* **Data excerpts**:
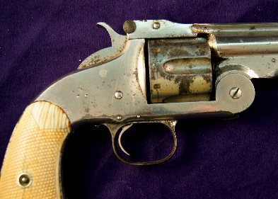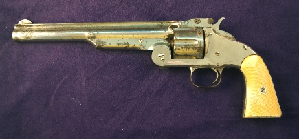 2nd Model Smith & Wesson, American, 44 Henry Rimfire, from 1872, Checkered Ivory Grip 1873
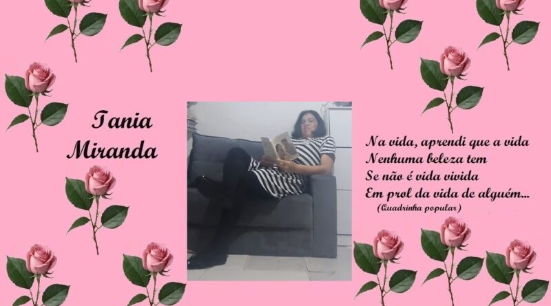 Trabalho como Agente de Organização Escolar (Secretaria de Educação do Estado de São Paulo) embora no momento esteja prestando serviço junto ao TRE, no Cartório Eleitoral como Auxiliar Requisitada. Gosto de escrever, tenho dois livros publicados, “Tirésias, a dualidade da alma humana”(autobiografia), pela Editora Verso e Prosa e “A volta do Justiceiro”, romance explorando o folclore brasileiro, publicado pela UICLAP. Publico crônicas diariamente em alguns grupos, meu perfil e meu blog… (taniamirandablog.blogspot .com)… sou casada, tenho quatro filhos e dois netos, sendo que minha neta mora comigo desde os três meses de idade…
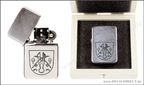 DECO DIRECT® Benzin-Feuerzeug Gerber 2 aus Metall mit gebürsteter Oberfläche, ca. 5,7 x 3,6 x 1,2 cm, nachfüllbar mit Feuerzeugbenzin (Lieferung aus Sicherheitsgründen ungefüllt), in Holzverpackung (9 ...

---

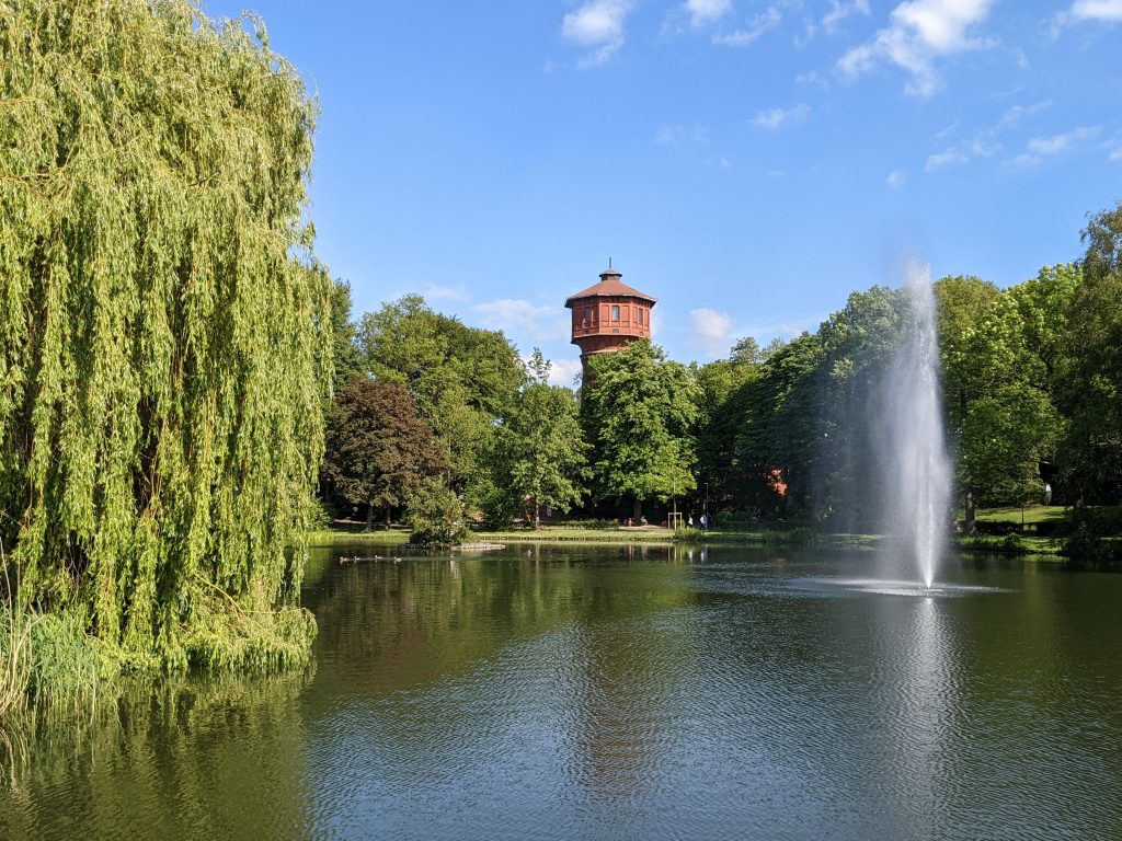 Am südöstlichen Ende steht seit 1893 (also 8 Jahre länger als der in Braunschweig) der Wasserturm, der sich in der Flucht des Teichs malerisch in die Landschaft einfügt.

* **Exercise requirements**: Above are the records; please give again, exactly and in full, only the lines that run from the line with "2nd Model Smith" through the line with "DECO DIRECT® Benzin-Feuerzeug", with no pictures.

* **Output for this exercise**:
 2nd Model Smith & Wesson, American, 44 Henry Rimfire, from 1872, Checkered Ivory Grip 1873
 Trabalho como Agente de Organização Escolar (Secretaria de Educação do Estado de São Paulo) embora no momento esteja prestando serviço junto ao TRE, no Cartório Eleitoral como Auxiliar Requisitada. Gosto de escrever, tenho dois livros publicados, “Tirésias, a dualidade da alma humana”(autobiografia), pela Editora Verso e Prosa e “A volta do Justiceiro”, romance explorando o folclore brasileiro, publicado pela UICLAP. Publico crônicas diariamente em alguns grupos, meu perfil e meu blog… (taniamirandablog.blogspot .com)… sou casada, tenho quatro filhos e dois netos, sendo que minha neta mora comigo desde os três meses de idade…
 DECO DIRECT® Benzin-Feuerzeug Gerber 2 aus Metall mit gebürsteter Oberfläche, ca. 5,7 x 3,6 x 1,2 cm, nachfüllbar mit Feuerzeugbenzin (Lieferung aus Sicherheitsgründen ungefüllt), in Holzverpackung (9 ...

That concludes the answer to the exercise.